Employers may be able to minimize the potential for occurrence of this type of incident through the following precautions:
In the late evening of Tuesday, March 23, 1993, a salesperson representing an out-of-state automotive parts distributer had been calling on accounts near the state border and was enroute to a town further in-state, when his vehicle left the roadway and overturned. The victim was driving his personal car under contract with the company to travel on their behalf and be reimbursed for mileage and other travel costs. The vehicle was travelling at a high rate of speed when it left the roadway to the right, returned and recrossed the two lanes of highway and entered the median on the left, where the driver was ejected as the vehicle overturned.

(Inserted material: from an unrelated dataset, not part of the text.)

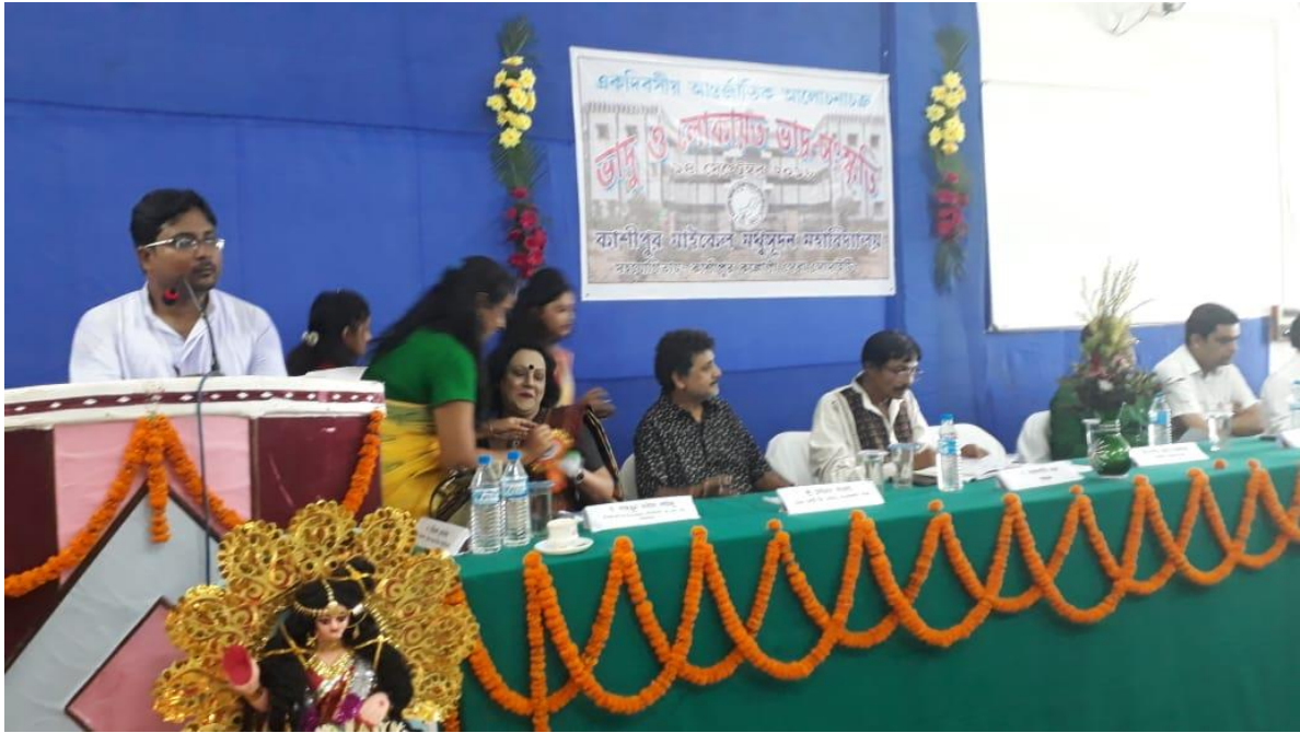
(International Seminar on “Bhadu and Bhadra Culture”)

Through a reciprocal notification agreement with the Wyoming Department of Transportation, the WY- Wyoming FACE Program was notified of the incident by written report on March 29, 1993. On receipt of such notification WY- Wyoming FACE investigators requested and received reports relating to the incident, and reviewed the circumstances with company representatives.
The victim had worked for the company for nearly six years in the position of road salesperson. In that capacity, he called on accounts to sell and service automotive parts and oil products in an area including the northeast corner of Wyoming. At the time of the incident he was driving alone, traveling between towns that were part of his sales territory.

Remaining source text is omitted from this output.